Velcolfix branch (for velocity columns memory uninitialization? in linux version 4.2.1197)
This does several things:
- clarifies the meaning of the various sample columns while they are being read in edf_read.py from the edf_get_float_data() by reading them into a separate Nx1 array linked to the column name key in a dictionary rather than an NxC numpy ndarray. dtypes are the native dtypes returned by the FSAMPLE struct, rather than the all-float version previously returned. One can afterwards run "convert_dtypes" to convert to more robust datatypes if necessary.
- fixes the number_elements problem (already fixed in main, but necessary to fix again if reading method is changed) by resizing each of the Nx1 arrays to the number of samples read.
- Adds an "exclude_vel_cols" option in parse() to read_edf, default True, which sets all velocity-related sample columns to NaN. Does not effect events. This is to temporarily address the seeming memory uninitialization/struct offset error (cause uncertain) observed in linux version 4.2.1197 at least. I am not sure how to add "tests" for this in pytest since it requries running multiple processes and is nondeterministic... I added several directories to the tests/ directories which contain python scripts to check this (in R using eyelinkReader, and python using pyedfread)
- Adds an "ftime" option to read_edf, which converts the "Time" column to floating point (from default uint32) and adds 0.5 seconds for appropriate rows based on flag. I suppose I need to add a test for this, which requires adding an EDF file recorded at 2000 Hz and a way of identifying what is correct (via e.g. ASC from edf2asc). I will prepare this later...

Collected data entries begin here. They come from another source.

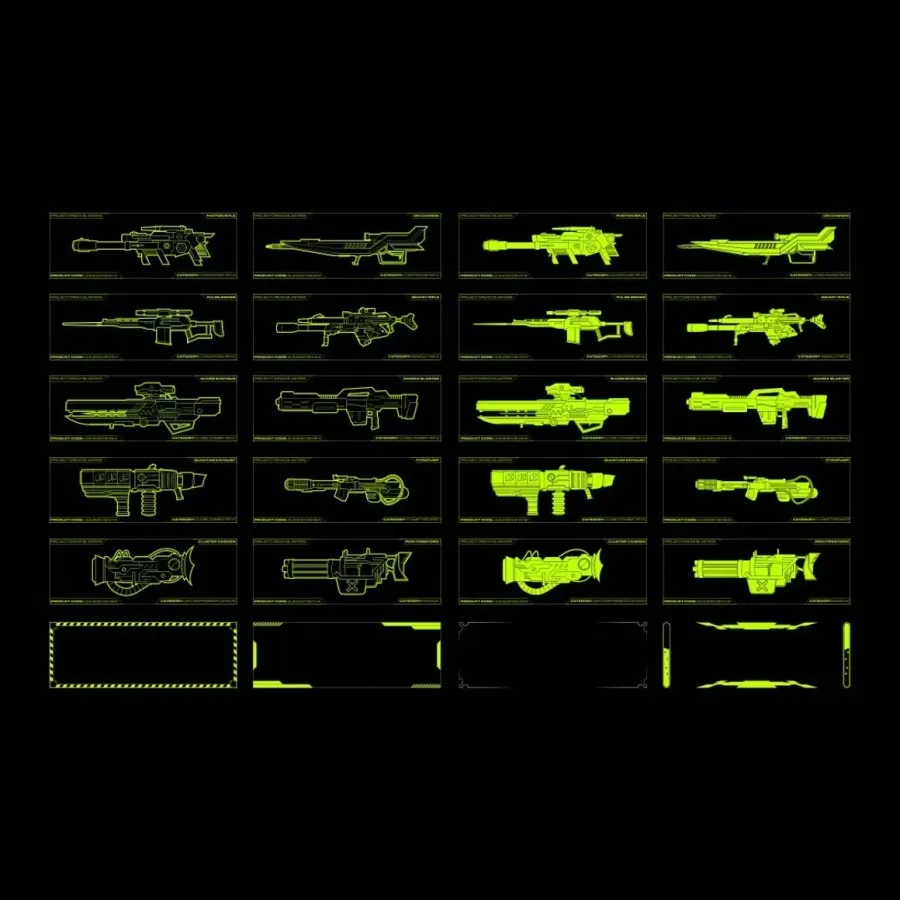 每种武器都有自己的名称和产品代码,用于额外的填充内容,还有 2 种样式可供选择。第一种样式主要侧重于轮廓,使每种武器看起来像一张蓝图。第二种样式更加坚固,使用带有剪切线的填充形状。除此之外,该包还附带 4 个额外框架,可用于放置武器,或在设计工业专辑封面时用于一般用途。如果您不使用 Illustrator,请不要担心。我们还为您提供了 52 个框架和武器的 png 文件。
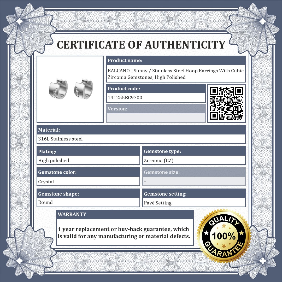 BALCANO - Sunny / Stainless Steel Hoop Earrings With Cubic Zirconia Gemstones, High Polished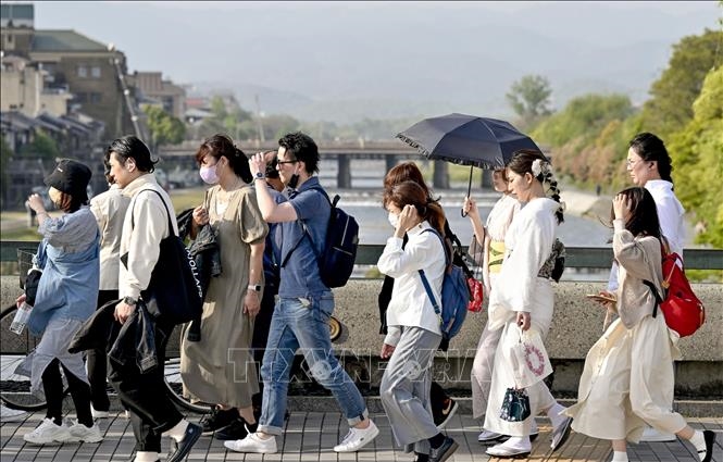 | Người dân đi bộ dưới thời tiết nắng nóng ở thành phố Kyoto, Nhật Bản. Ảnh minh họa: Kyodo/TTXVN |
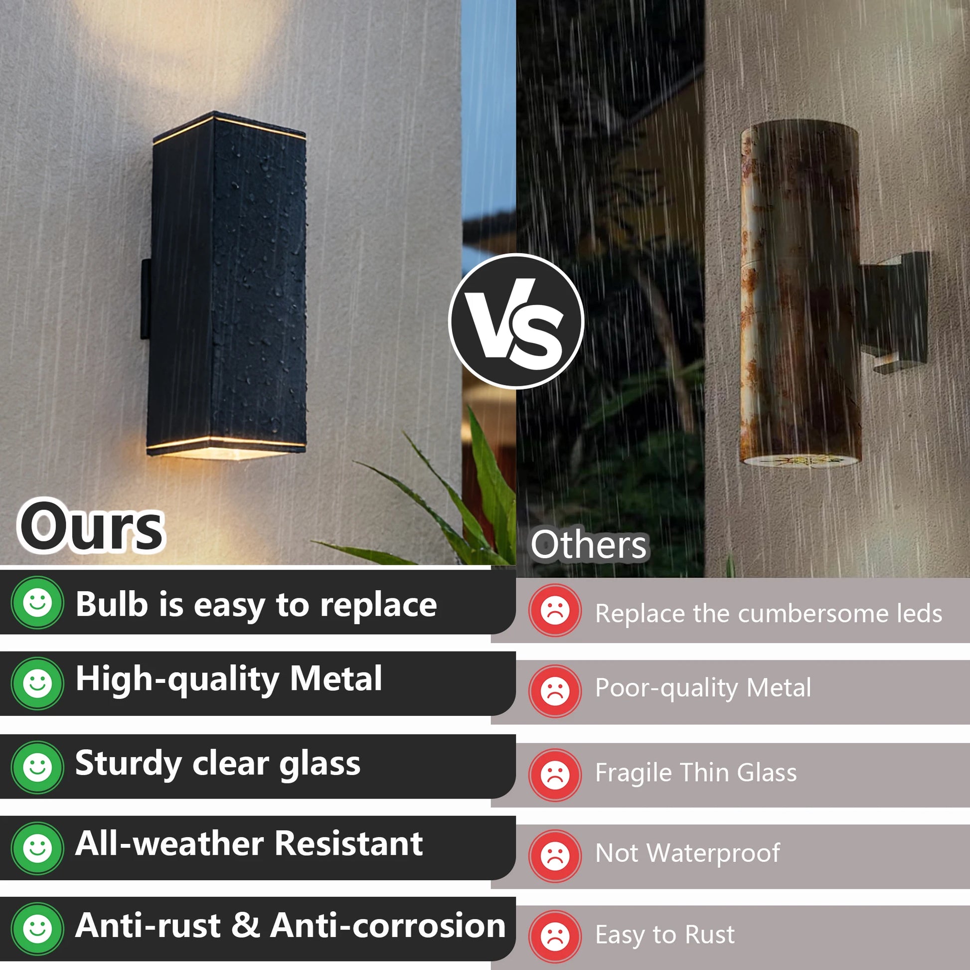 √Modern black square appearance. this modern outdoor sconce features a simple square design with up and down glass covers and a matte black finish. it's a great choice as an exterior wall lamp for decorating your home in any location.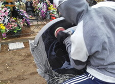 Гравировка портрета на кладбище,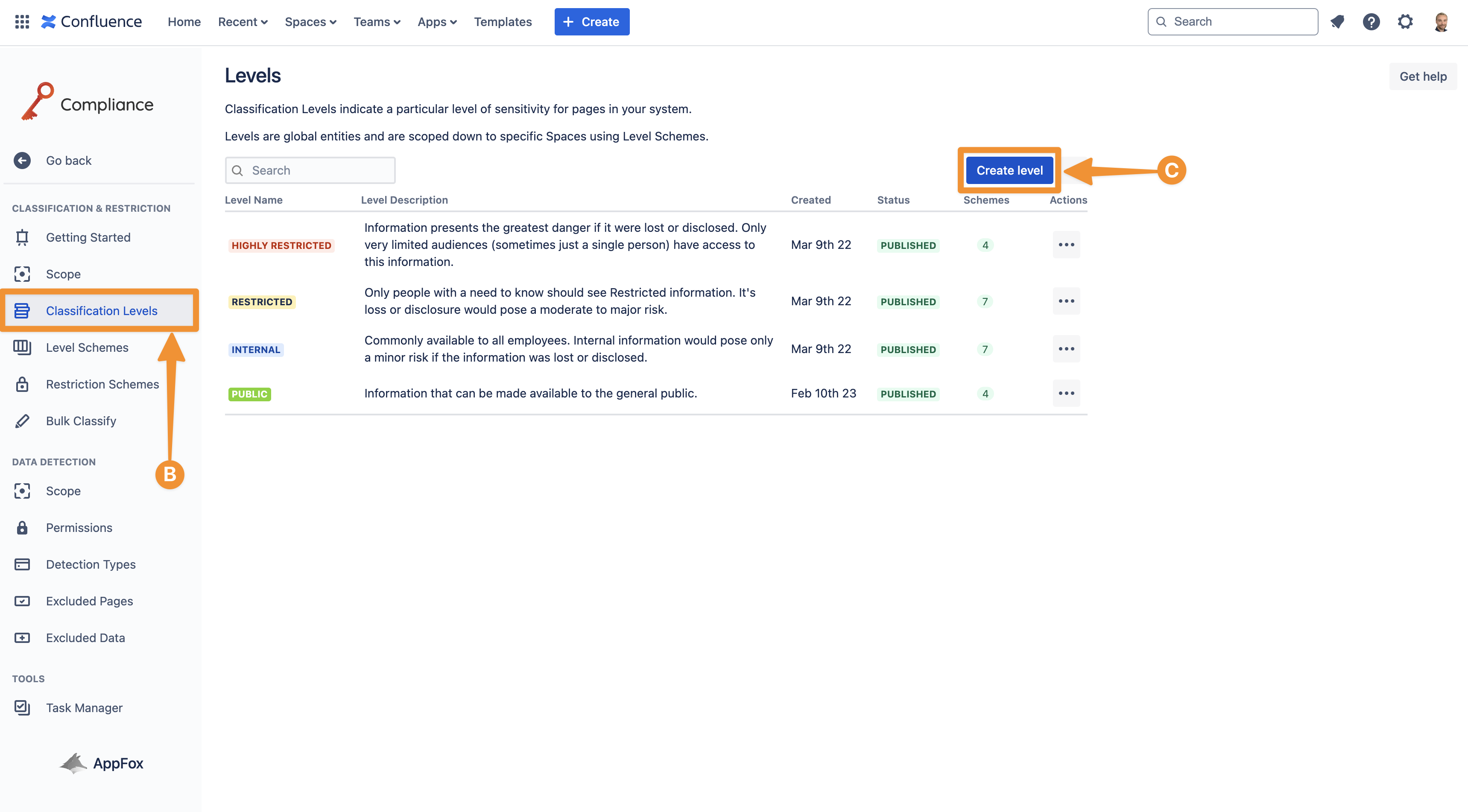 Once you’re in the settings, navigate to Classification Levels (B) to open the configuration settings and create custom Classification levels (C).
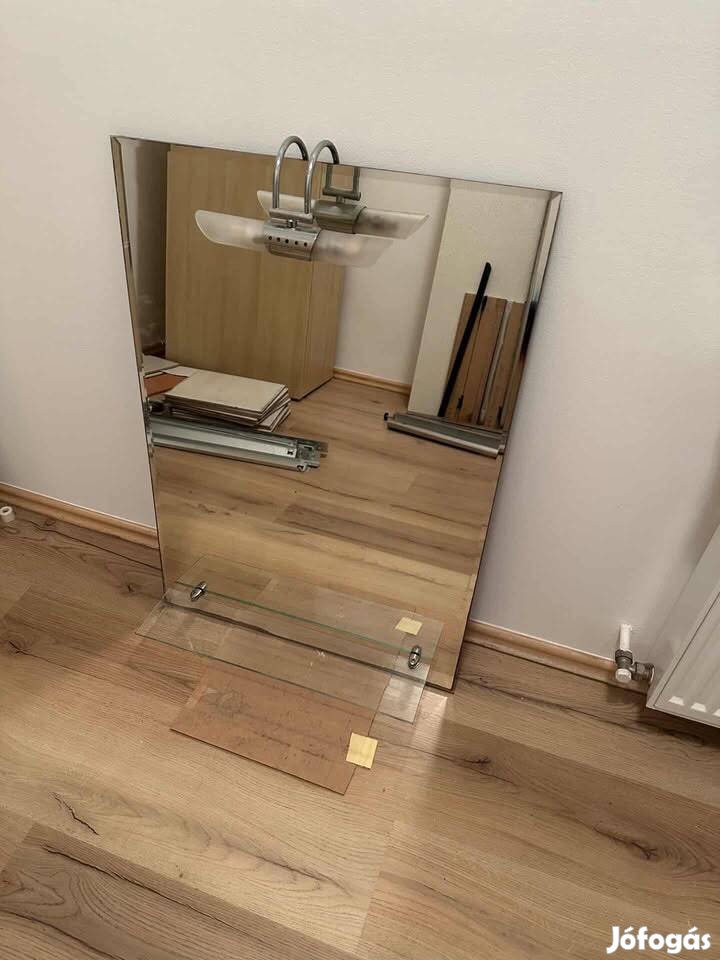 Tükör lámpával és egy üveglappal rajta ami tárolóként szolgál.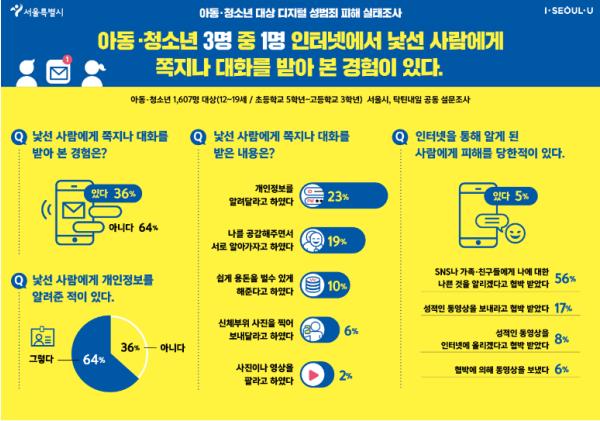 한편, 서울시가 초?중?고교생 1,607명을 대상으로 디지털 성범죄에 대한 첫 피해 실태조사를 실시한 결과, 3명 중 1명(36%)은 메신저나 SNS 등을 통해 낯선 사람에게 쪽지나 대화 요구를 받아본 적이 있는 것으로 나타났다.

Probably better to wait on what Sam and SR research say, this is a temporary fix at best (although it includes many other updates to the code).
Sam has said that it is indeed on their end, and they will release a new version. I will get a testing version and start testing. But, we should add a "version" check to our code, and for any version equal to or earlier than the current (buggy) version, we should provide NaNs for the affected columns.
Do you have windows environment to test with? I have never used the windows version of EDFAPI, but checking may be recommended...
Great! Yes I have a windows environment to test (and Ubuntu, but you got that covered)
OK great. Are you able to run and recreate the behavior I observed on windows (i.e. the output does not match in the VEL columns over mutliple runs?
Is the version number of the windows version the same as the Ubuntu version? (that 4.2.11... number?)
I think the criticial result I found is that the velocity columns are broken anyway
I found a version 4.2.762.0 for the edfapi.dll - not entirely sure how to find out the version
OK so on windows you found some file named 4.2.762.0?
Sorry, please clarify -- You found the velocity columns are "broken anyway"? What do you mean?
You mean they contain weird values? (this is issue #1).
The other issue is that the weird values are not stable across different repetitions for the same EDF file (issue #2).
Yea, I think we can wrap the "version" function and see if that gives useful information in our library. And if that is properly updated we can use that. Because there is no way to diagnose if the data is safe based on behavior since it is effectively random values in memory.
Honestly probably the safest thing to do is simply blank out affected columns with NANs. That way we guarantee that no one gets "incorrect" data, which to me is worse than no data. In fact it is better to simply not include the columns at all.
On windows I found the edfapi.dll and in the properties it says that version number :shrug:
For me these two issues (broken values and non-repeatable) are the same underlying issue, e.g. the second follows from the first. Sorry for not being clear. I didnt check the repeatedness yet, bit busy unfortunately right this moment.
Detecting the version + filling with NaNs + Warning seems best! Not sure I'd remove the columns though, that would be breaking
hey Richard, could you quickly state if this should be merged or not? Sam from SR-Research told me the bug should be fixed in newer SDK versions, but I didnt check yet
Sorry, the bug is for the velocity columns, but the original issue in pyedfread (reading too many tokens/rows) was not fixed by the SDK update (it was an error in pyedfread, not the edfapi lib).
This update adds some default arguments to parse(), so it results in the same original behavior by default, but also gives options to exclude velocity data if you know your version is broken etc.
But, this is not clean code, if you will merge to the mainline, let me do a clean checkout and fork and only one checkin.